Mary during an assessment session, speech therapy practice in Viterbo
Child concentrating during a learning activity, speech and language therapy practice in Viterbo

An image I often use

A short-sighted person's glasses.

Think of someone who is short-sighted. Without glasses they struggle to read, to drive, to get through the day. With glasses on they don't become any less short-sighted, but they can do everything everyone else does. Glasses don't cure, they make things simpler.

For a child with a learning disorder it's the same: the multiplication grid, the letter chart, the audiobook, the mind map are their glasses. Compensatory tools that let them study independently, without always having to rely on someone to re-read or dictate to them.

The aim isn't to erase the difficulty, but to move it out of the spotlight. The child learns, and learns with their own mind. From there, their self-esteem grows too.

When an assessment makes sense.

Often it's school that notices first. If some of these signs ring true for you, it's worth taking a calm, careful look.

  • Reads very slowly, skips lines or mixes up words
  • Writes with the same recurring mistakes, despite plenty of practice
  • Numbers and arithmetic remain a constant stumbling block
  • Gets through homework with disproportionate effort and time
  • School has mentioned a possible learning disorder or recommended an assessment
Mary with a child during an activity at the table, speech and language therapy practice in Viterbo

What we mean, exactly

Specific, or part of a broader picture.

SLDs are called specific when they appear in the absence of any cognitive, sensory or motor deficit, and despite adequate schooling. These are bright children who learn differently, and who find reading, writing or arithmetic a disproportionate struggle.

The first assessment falls to a multidisciplinary team, which builds up the child's cognitive profile, pinpoints where academic skills break down and indicates whether it makes sense to set up speech and language training or support from an SLD tutor.

An important step is understanding the level of severity. If we're dealing with a vulnerability, targeted strengthening is usually enough to reach automaticity. If we're dealing with a genuine disorder, compensatory tools are needed, and sometimes exemption measures: a lighter workload, longer time in tests, the use of a single typeface, less reading to get through.

Not all learning difficulties are specific. Sometimes the child's cognitive profile and communicative aspects need looking at too, because the picture can be broader than it first appears.

Smiling child posing, speech and language therapy practice in Viterbo

The part that often gets forgotten

What the child feels, inside.

A child with a learning disorder is as bright as their classmates, and they know it. But at school they go slower, struggle more, and get things wrong where others don't. From the outside they can seem unwilling or inattentive. On the inside, that isn't what's going on.

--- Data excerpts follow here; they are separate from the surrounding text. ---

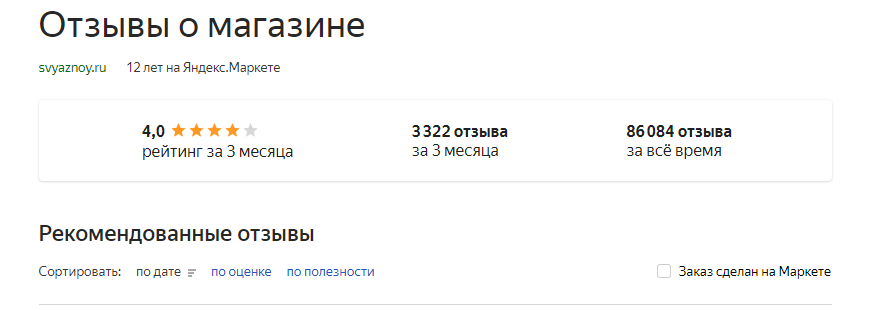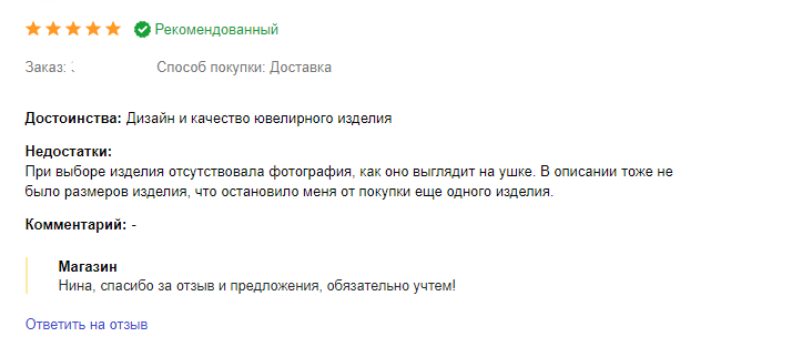 Пройдя модерацию, отзыв получает статус рекомендованного (они предусмотрены только для магазинов). Другие отзывы отображаются внизу страницы, под рекомендованными.
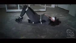 Uber-Sexy dark-haired in a cock-squeezing, black catsuit got roped up, cock-squeezing and left on the floor
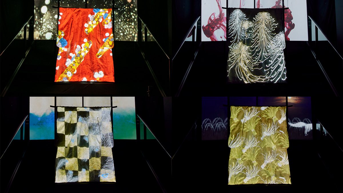 来場客は、エントランス「迎」で白い着物が山口美術織物の意匠へと「化ける」瞬間に立ち会い、その先の「雅」で本物の時代衣装と対面する。「化けた姿」と「本物」の両方を一つの動線で体験する構成が、伝統工芸とデジタルアートの関係性を空間として成立させています。
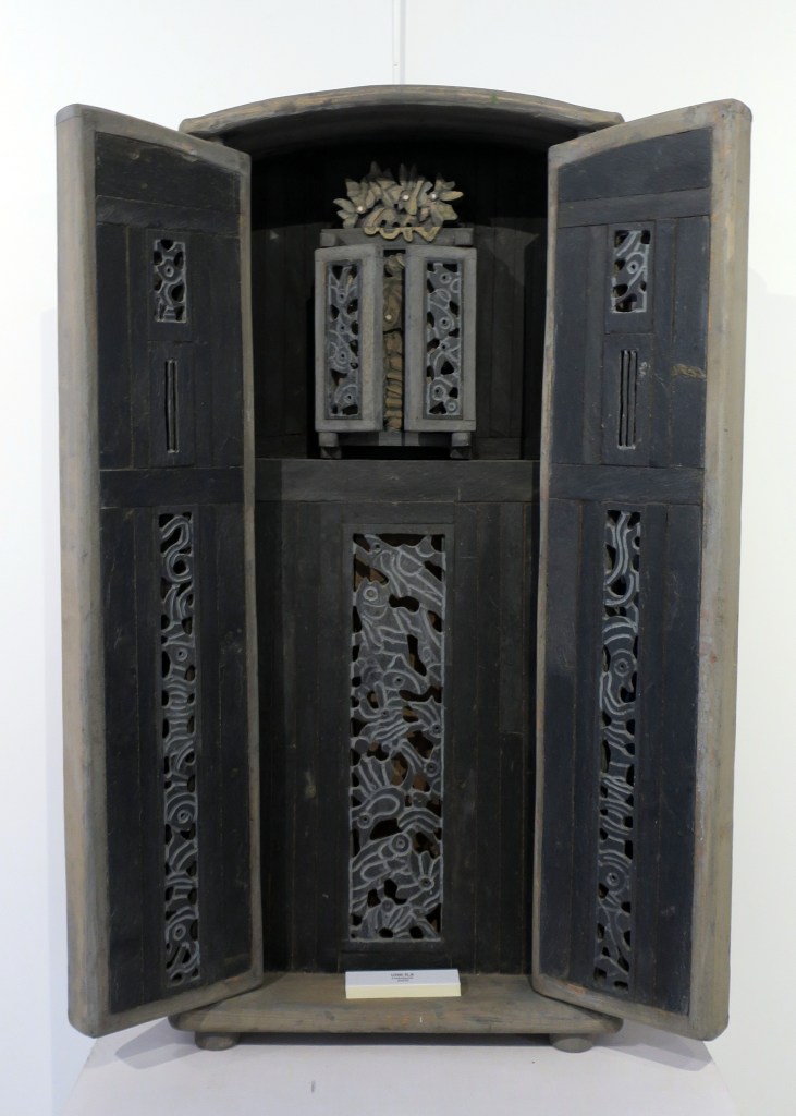 Pascal Verbena » L’Holocauste « , s.d. assemblage de bois et de matériaux divers 200 x 400 cm © crédit photographique: B.M.Caramante. Collection de l’Art Brut, Lausanne.

Often the children who come to me have started to hate books, to invent a tummy ache before homework, to shut down in front of a page of maths. It's the shape their frustration takes: better not to try than to try and feel they're getting it wrong.

When the child gets the right tools, that frustration gradually melts away. Curiosity comes back, and with curiosity, self-esteem too.

How long a course of therapy lasts.

I don't work with fixed packages of sessions decided in advance, and you won't find a price list on this site. How long it takes depends on the person and on the goals we set together: an assessment may be wrapped up in a single appointment, while a course of therapy might last a few months or support a child's development over a longer period. No two journeys are alike, and we recalibrate ours as we go.

What we can do, as adults.

Learning disorders aren't cured: they're compensated for, worked around, accepted. We adults can give the child the tools to study independently, lighten the load where needed and protect their self-esteem. From there on, it's the child who surprises us, in their own way.

The network that works together

I don't work
on my own.

With learning disorders I work alongside the school and the neuropsychiatrist. My network also includes an orthoptist for eye-movement issues.